Start of Dataset content
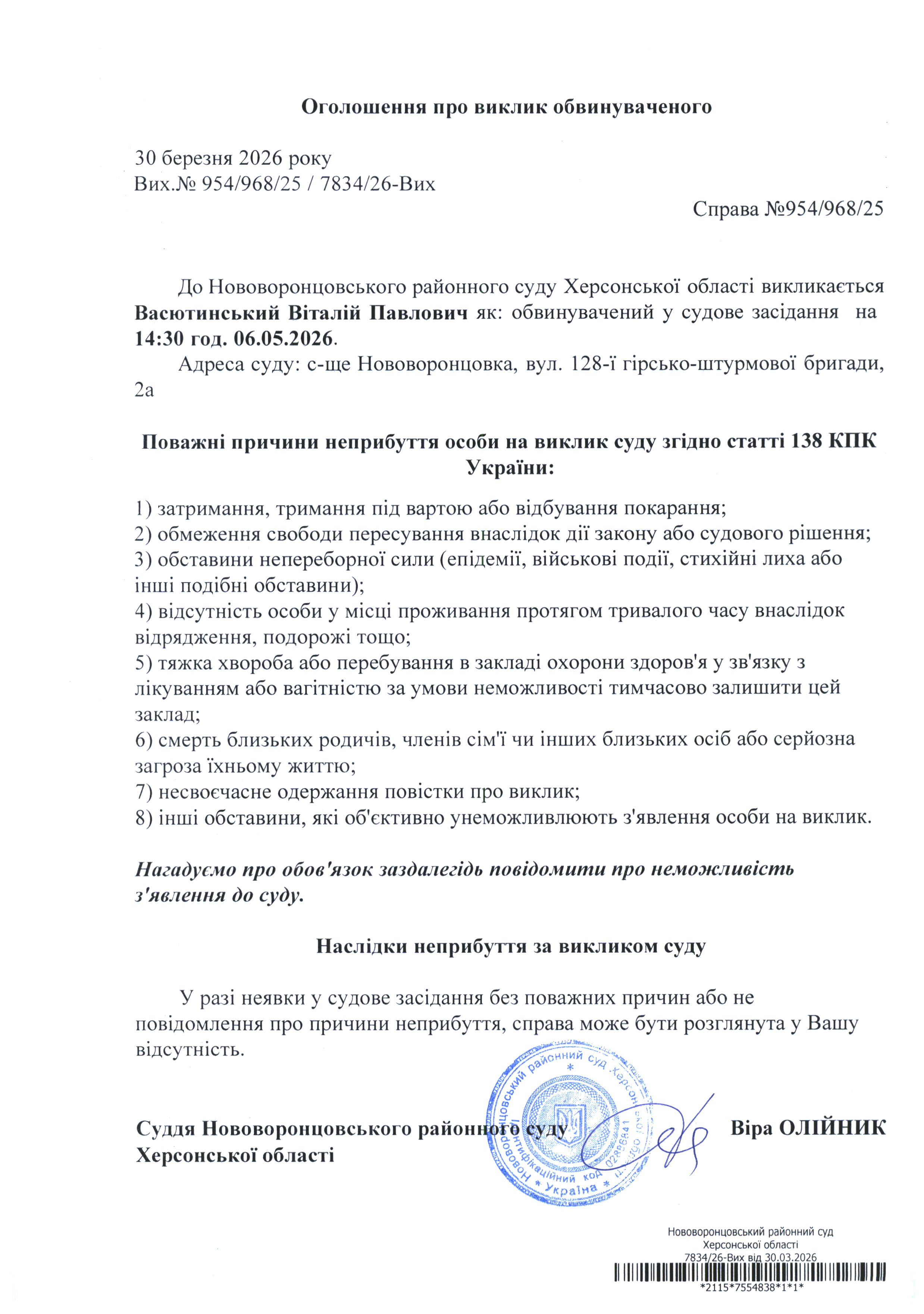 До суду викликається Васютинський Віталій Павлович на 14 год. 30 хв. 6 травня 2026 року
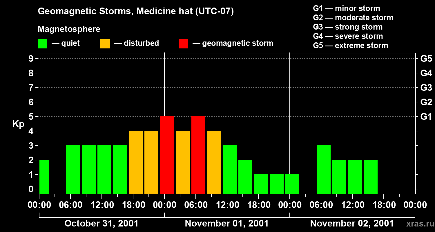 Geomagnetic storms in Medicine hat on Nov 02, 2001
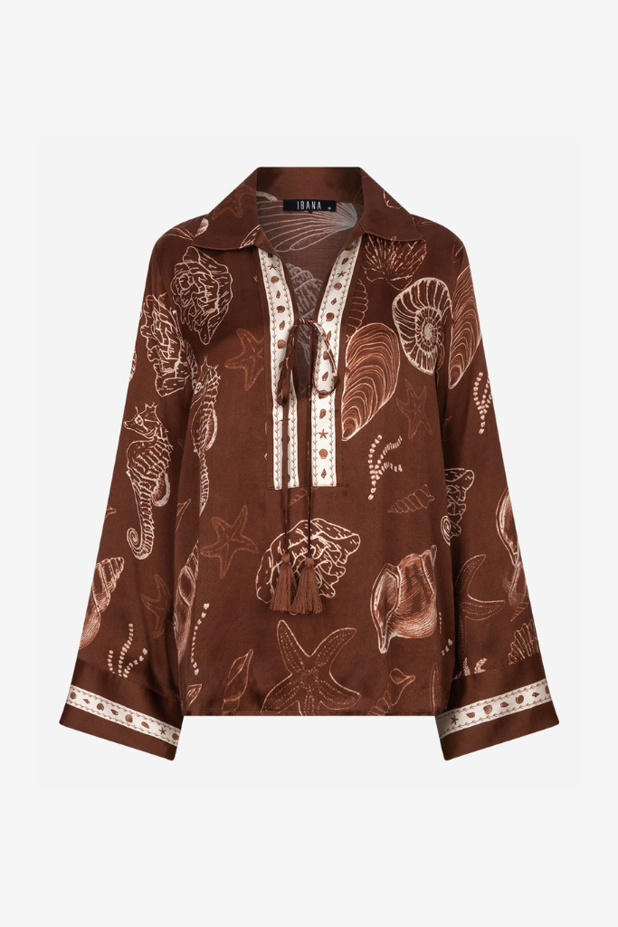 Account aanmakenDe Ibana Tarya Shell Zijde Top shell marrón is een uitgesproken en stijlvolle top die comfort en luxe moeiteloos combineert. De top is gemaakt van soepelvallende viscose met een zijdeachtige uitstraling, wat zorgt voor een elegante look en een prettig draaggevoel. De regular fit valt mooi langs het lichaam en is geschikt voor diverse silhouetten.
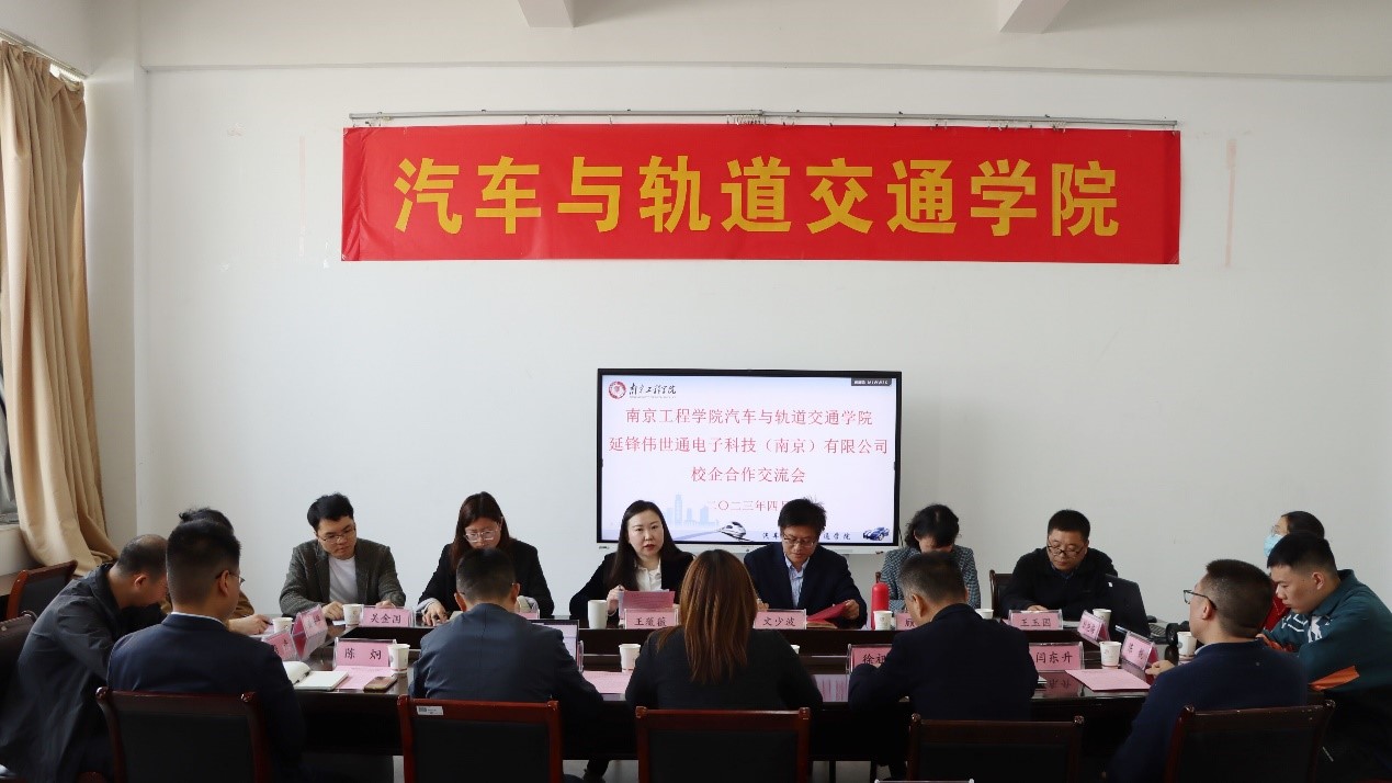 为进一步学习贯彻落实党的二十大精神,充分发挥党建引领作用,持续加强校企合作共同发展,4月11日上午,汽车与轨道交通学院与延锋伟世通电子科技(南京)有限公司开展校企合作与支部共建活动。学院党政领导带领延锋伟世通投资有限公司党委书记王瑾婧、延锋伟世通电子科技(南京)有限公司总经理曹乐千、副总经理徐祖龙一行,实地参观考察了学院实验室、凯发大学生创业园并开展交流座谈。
End of Dataset content
Give back the material above word for word; no picture belongs in it.

◆ Answer box ◆
 До суду викликається Васютинський Віталій Павлович на 14 год. 30 хв. 6 травня 2026 року
 Geomagnetic storms in Medicine hat on Nov 02, 2001
 Account aanmakenDe Ibana Tarya Shell Zijde Top shell marrón is een uitgesproken en stijlvolle top die comfort en luxe moeiteloos combineert. De top is gemaakt van soepelvallende viscose met een zijdeachtige uitstraling, wat zorgt voor een elegante look en een prettig draaggevoel. De regular fit valt mooi langs het lichaam en is geschikt voor diverse silhouetten.
 为进一步学习贯彻落实党的二十大精神,充分发挥党建引领作用,持续加强校企合作共同发展,4月11日上午,汽车与轨道交通学院与延锋伟世通电子科技(南京)有限公司开展校企合作与支部共建活动。学院党政领导带领延锋伟世通投资有限公司党委书记王瑾婧、延锋伟世通电子科技(南京)有限公司总经理曹乐千、副总经理徐祖龙一行,实地参观考察了学院实验室、凯发大学生创业园并开展交流座谈。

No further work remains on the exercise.